1) the overall status of Apple, as laid out by Prof DeLong. There is serious concern about Apple's future due to their seeming inability to find any significant new technology or market since the Watch, itself only a perfection of technologies pioneered by others. (*)
2) that fear that "Apple Intelligence" aka Apple AI aka {Apple LLM +hype} is a 'failure' as described by John Gruber. The thing is, the current generation of "AI" - the sixth since 1945 by my counting, although it could be more - isn't even close to proving that it isn't pure fraud. Even setting aside the massive theft of intellectual property that "AI" firms have engaged in their products are so far showing that garbage-in/garbage-out holds true on a massive scale as well as local, and that pumping meme stonks is the real road to riches. Not much there there.
And I suspect with respect to (2) the real problem with Apple Intelligence is that the Apple researchers and employees assigned to work on it have too much integrity and respect for their employer's brand to pump out nonsense and call it polished, or even working, product.
(*) the M-series and current A-series CPUs are incredible feats of engineering and beat the pants off anything close to level playing field competition, but Apple doesn't sell them to anyone outside Apple AFAIK. The fate of the Lightning connector, superior to anything else for eight years but never licensed outside Apple and therefore with no tech industry or political support, should be instructive on this point but probably isn't.
The only Apple product I own is an iPad Pro that I use for choral singing. There is nothing that comes close to FourScore on Android. I build my own PC workstation for half the cost that I would pay for an Apple Mac. My phone is a Google Pixel which is also cheaper than an iPhone with similar specs. Apple is 'maybe' great if you buy into their OS but this entails added cost. Whether Apple is on the downward slope, I don't know.
There has been a massive build out of computer technology since-World War II. The program was more or less defined by some point in the 1970s. Elsewhere, I commented on my 1977 trip to see the ARPANET. By then, everyone was with the program: workstations, desktops, laptops, handhelds, wired and wireless connectivity, capability oriented security, mathematical cryptography, object oriented programming and so on. It took a while for the Dynabook prototype to turn into an iPad or the ARPANET to build out to 5G, but, so far, it has played out like Seldon's plan in Foundation.

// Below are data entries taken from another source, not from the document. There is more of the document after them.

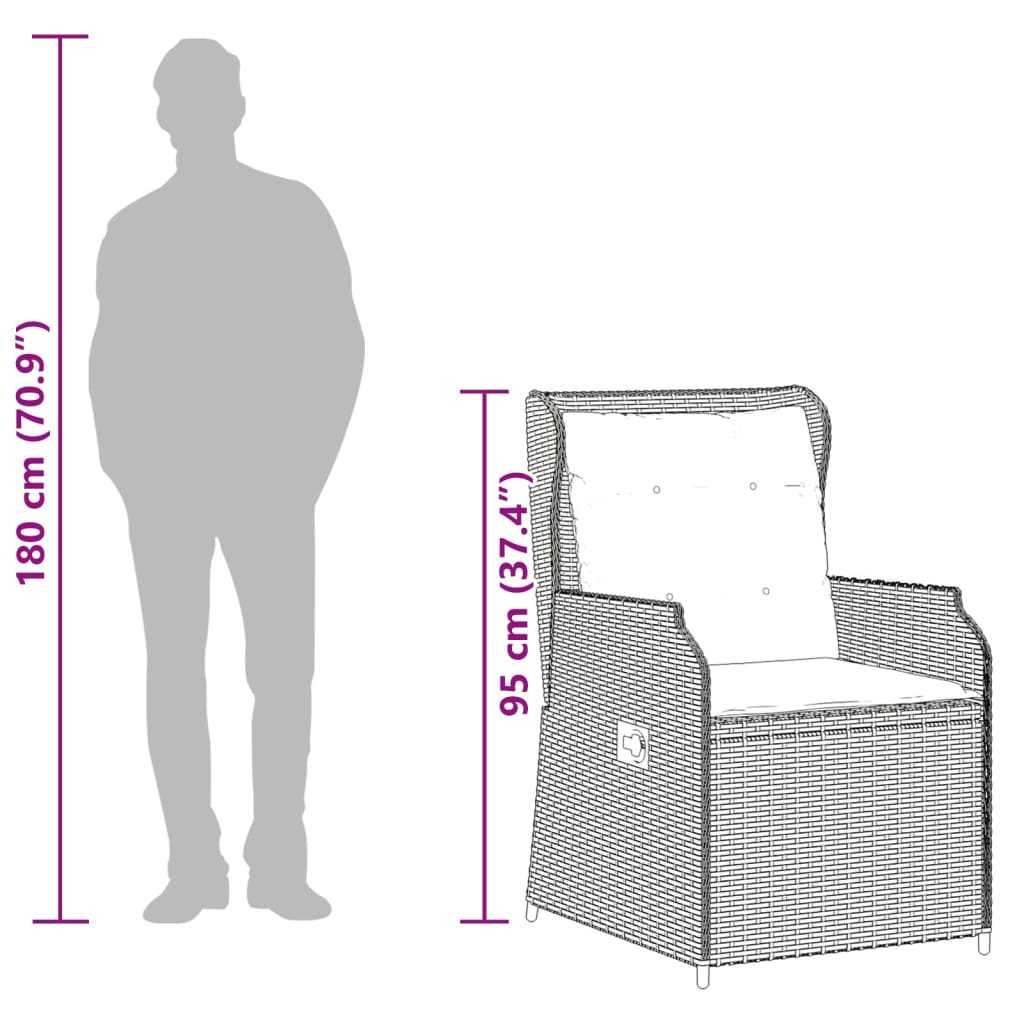 Dieses Garten-Lounge-Set ist die perfekte Ergänzung zu deinem Garten, deiner Terrasse oder deinem Innenhof. Es bietet einen bequemen und einladenden Platz, um mit Familie und Freunden zu plaudern oder dich einfach nur zu entspannen und das Leben im Freien zu genießen. Langlebiges Material: PE-Rattan, auch als Poly Rattan bekannt, ist ein robustes, pflegeleichtes synthetisches Material, das die Optik von natürlichem Rattan aufweist. Es kennzeichnet sich durch ein geringes Eigengewicht und lässt sich einfach reinigen. Aufgrund seiner Haltbarkeit und Witterungsbeständigkeit wird es häufig bei der Herstellung von Gartenmöbeln verwendet.Verstellbare Rückenlehne: Du kannst die Rückenlehne durch Betätigung des Griffes verstellen und sie danach schnell wieder in ihre ursprüngliche Position bringen.Abnehmbarer und waschbarer Bezug: Diese Sitzkissen verfügen über abnehmbare Bezüge für einfaches Waschen und Pflegen.Bequemes Sitzerlebnis: Dieser Gartensessel mit dick gepolsterten Kissen bietet ein angenehmes Sitzgefühl.Stabile und pflegeleichte Tischplatte: Dieser Gartentisch besitzt eine Tischplatte aus Akazienholz, die robust und langlebig ist und sich leicht mit einem feuchten Tuch reinigen lässt.Robustes und stabiles Gestell: Der pulverbeschichtete Stahlgestell ist stark, stabil, langlebig sowie korrosions- und wetterbeständig, um eine lang anhaltende Leistung zu gewährleisten. Gut zu wissen:Wir empfehlen dir, deine Gartenmöbel mit einer wasserdichten Hülle zu schützen, um lange Zeit eine ansprechende Optik aufzuweisen.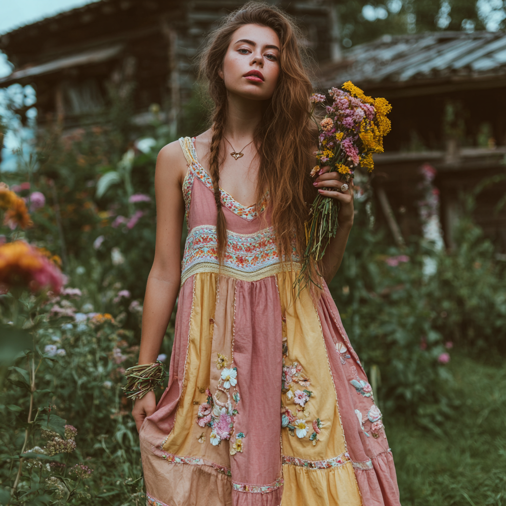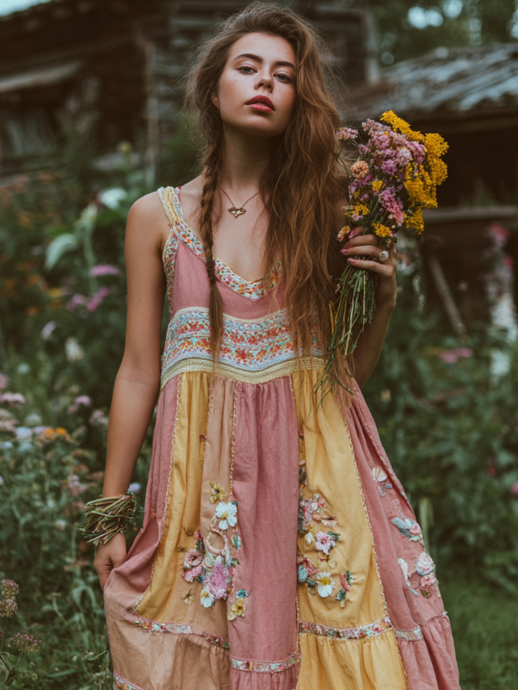 Women's Retro Ethnic Floral Art Stitching V-neck Dress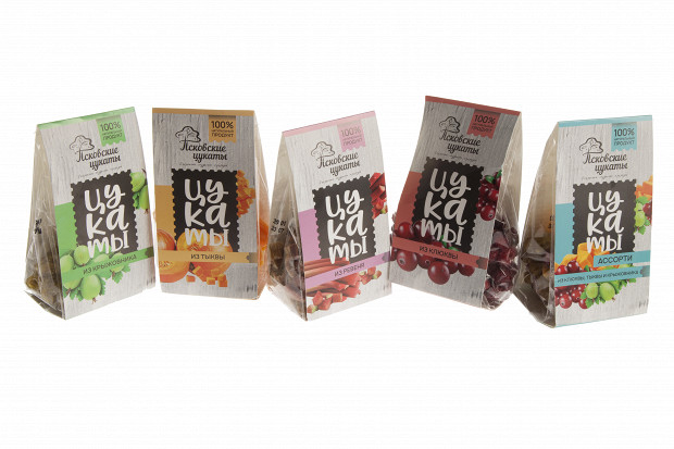 Напоследок мы оставили продукт, который понравился безоговорочно нам всем. Больше того, привел в восторг. Эти псковские цукаты хороши все без исключения. Из ревеня — кисленькие, чрезвычайно ревеневые, сахара в меру. Из клюквы — это большие вкусные кисло-сладкие ягоды, которые можно и на торт сверху положить, и в салат бросить, да и так есть — не оторваться. Крыжовниковые похожи на вид на изюм — и на вкус тоже, но с послевкусием крыжовника. А тыквенные — это просто огонь: очень сочные, и яркий их вкус — не столько тыквенный, сколько арбузно-дынный даже, бахчевой. Такое надо на экспорт поставлять.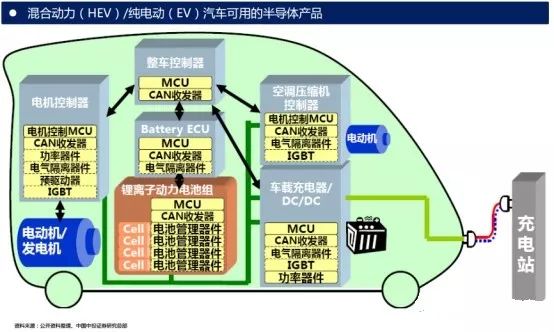 IGBT模块在电动汽车中发挥着至关重要的作用,是电动汽车及充电桩等设备的核心技术部件。IGBT模块占电动汽车成本将近10%,占充电桩成本约20%。IGBT主要应用于电动汽车领域中以下几个方面: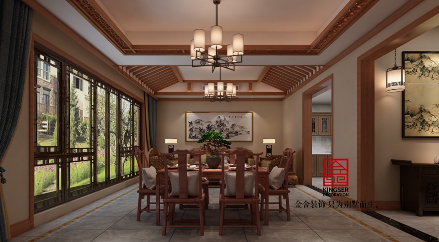 設計說明:此案例為石家莊金舍裝飾-大者國山雅院194平米中式風格裝修案例。本案最初的設計要求是中式風格,但設計師經過與客戶的多次溝通后,達成共識:要求保持中式風格的雍容華貴的氣度,但是要避免中式風格帶來的沉悶。所以一直認為要做的風格是:現代環境中具有中式元素的現代中式風格。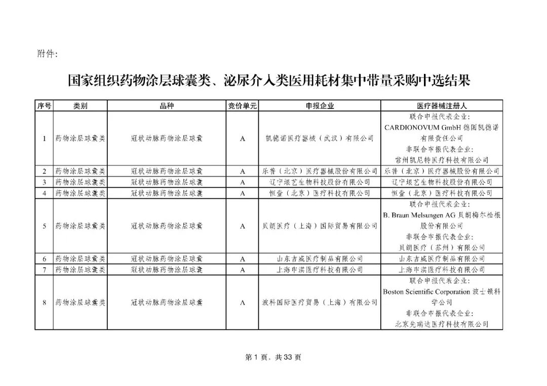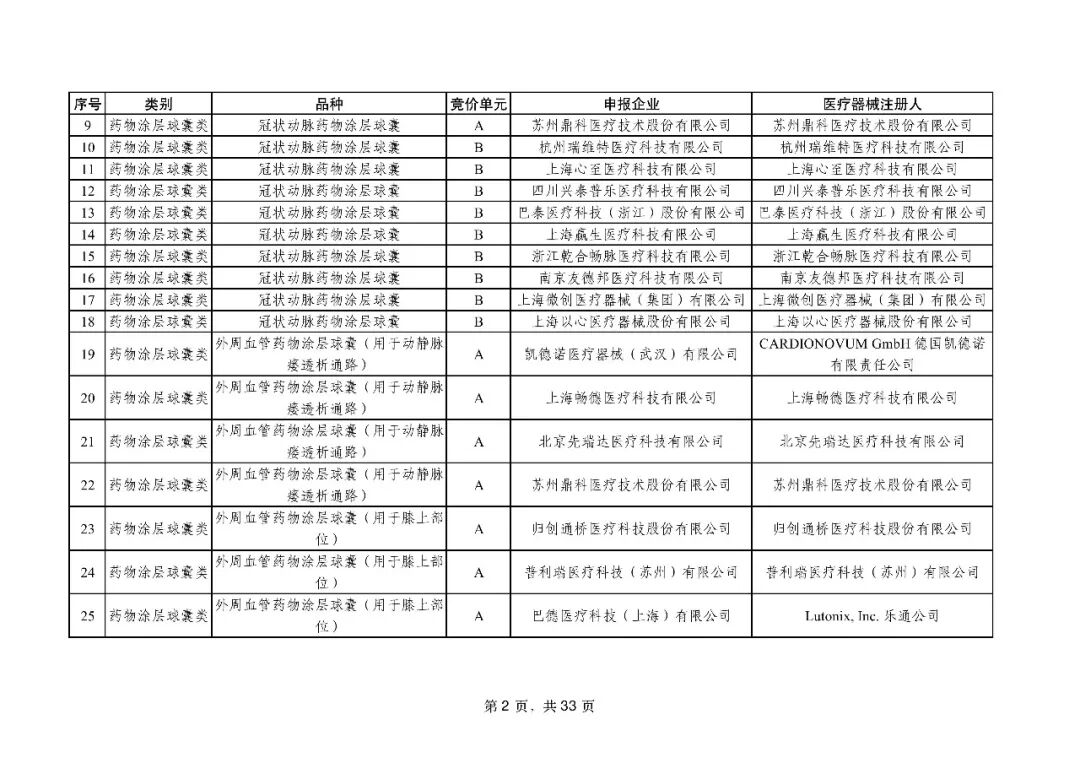 药物涂层球囊可改善血管狭窄,分为冠脉和外周血管球囊两类,本次32 家企业的 42 个相关产品全部中选,与此前集采的心脏支架、外周血管支架形成协同效应,既减轻患者负担,又匹配临床需求。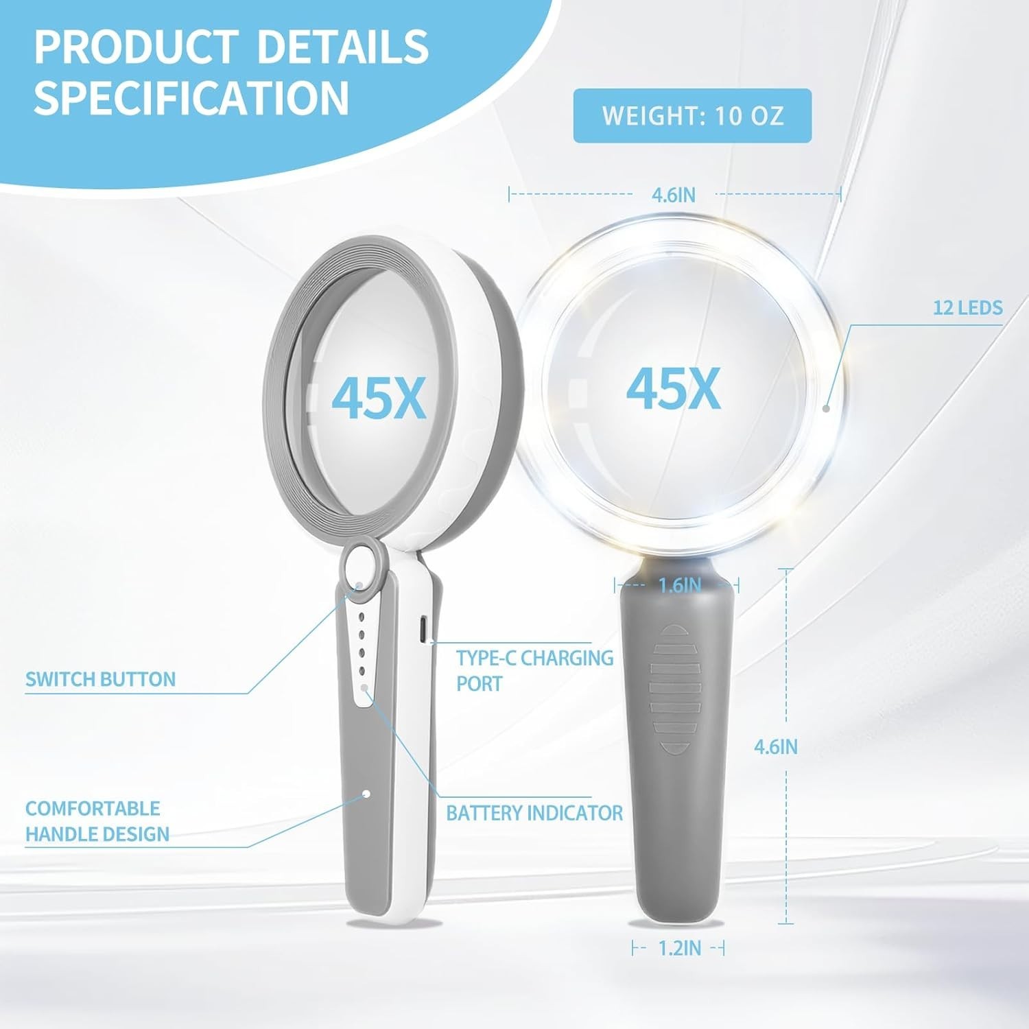 45X Magnifying Glass w/ Light, 4.6 Inch 1200mAh USB Rechargeable for Low Vision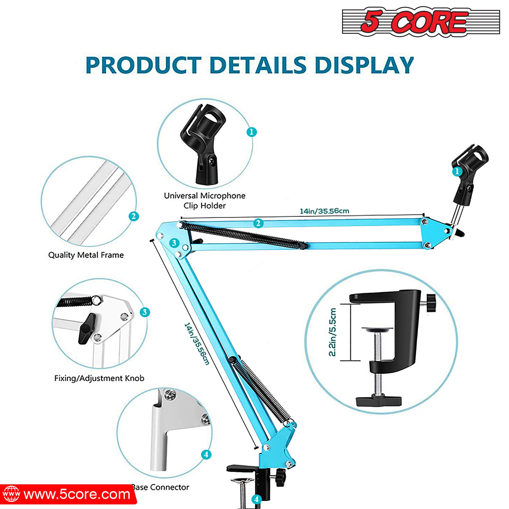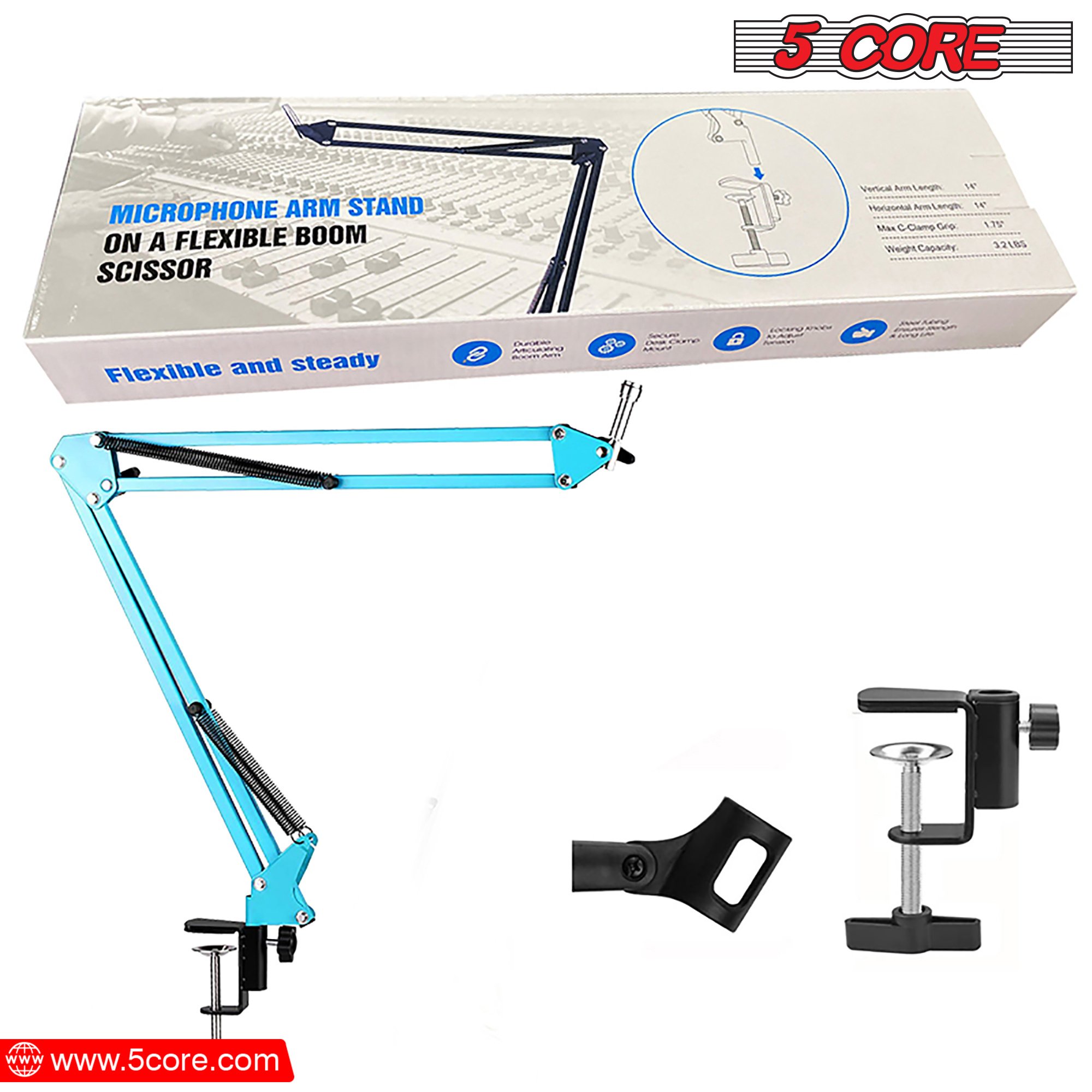 5 Core Mic Arm Adjustable Boom Microphone Stand Desk Mount Heavy Duty Brazo Para Microfono for Condenser Dynamic Mics - MS ARM BLU

Apple has been one of the big drivers for the past 30 years or so. For a while, it seemed Apple was the only innovator. Everyone in the industry copied their designs even though the company itself was often on the verge of bankruptcy. Meanwhile, the build out continued turning ideas and prototypes from the past into every day reality. It may have looked like pure innovation to the rest of the world, but for those with perspective, it was just checking off deliverables in a long term contract.
The current stagnation flows from otherwise successful corporate business models. Ever since Von Neumann refused to patent the modern CPU, progress has involved breaking down or ignoring barriers. There were the IBM and Microsoft antitrust cases that opened the industry. There was Al Gore's push to open the internet to commercial enterprise. There was Apple's deal with AT&T that opened the cellular networks to computing. Much modern computing technology was based on work arounds, jail breaking, unauthorized API use and the like.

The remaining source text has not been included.